Bruzzone first approached the Czech government -- which then owned the brewery -- in 1980 about shipping beer to the United States. He continued to lobby four different Czech administrations, saw the brewery privatized, became friends with the brewers and learned the intricacies of the legal roadblocks.

"I knew that it was probably going to be a waste of my time, but I wanted to see it through," he said. "I believed in the beer and I believed in the project."

Tasting notes

BUWEISER BUDVAR
Brewed by Budejovicky Budvar of the Czech Republic

Michael Jackson's tasting notes from his 1984 Pocket Guide to Beer:

The Czech beer has a more emphatic hop character than the U.S. Budweiser, but it is still delicate by local standards. It is bigger than the U.S. brew, but by no means fat. The Czech beer has a faint underlying hint of sweetness where the U.S. beer is perhaps fruitier.
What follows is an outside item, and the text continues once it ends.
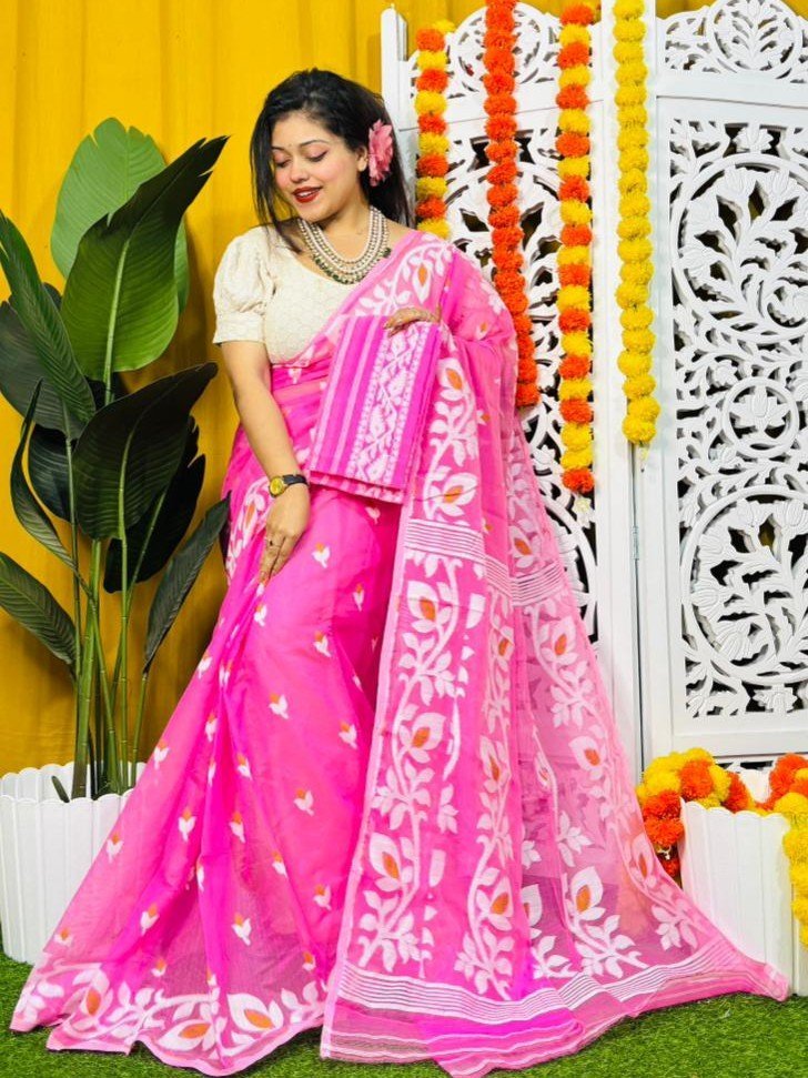 Pink Rose Korat Buti Soft Jamdani Sari With Blouse Piece

Both are very firm beers, though the Czech Budvar is more so, and with a cleanness that suggests long lagering.

NEW BELGIUM TRIPPEL
Brewed by New Belgium Brewing Co. in Fort Collins, Colo.

Stephen Beaumont writes:

The nose has wonderfully fragrant florals (from the saaz hops) along with peppery spice, notes of orange oils and a distinct whiff of alcohol. In the taste, the Trippel continues its aggressive ways, with notes of tangerine up front and lots of spice and red apple in the middle. The alcohol that is so evident in the aroma shows up about half way through the taste and lingers right through the finish, giving the New Belgium Trippel more in common with a double shot of whisky than, say, a Belgian white. In fact, so intense and warming is this beer that I was prompted to describe it in my tasting notes as "a formidable 'barley wine' of a tripel." A good dose of finishing hops dries and bitters the long aftertaste.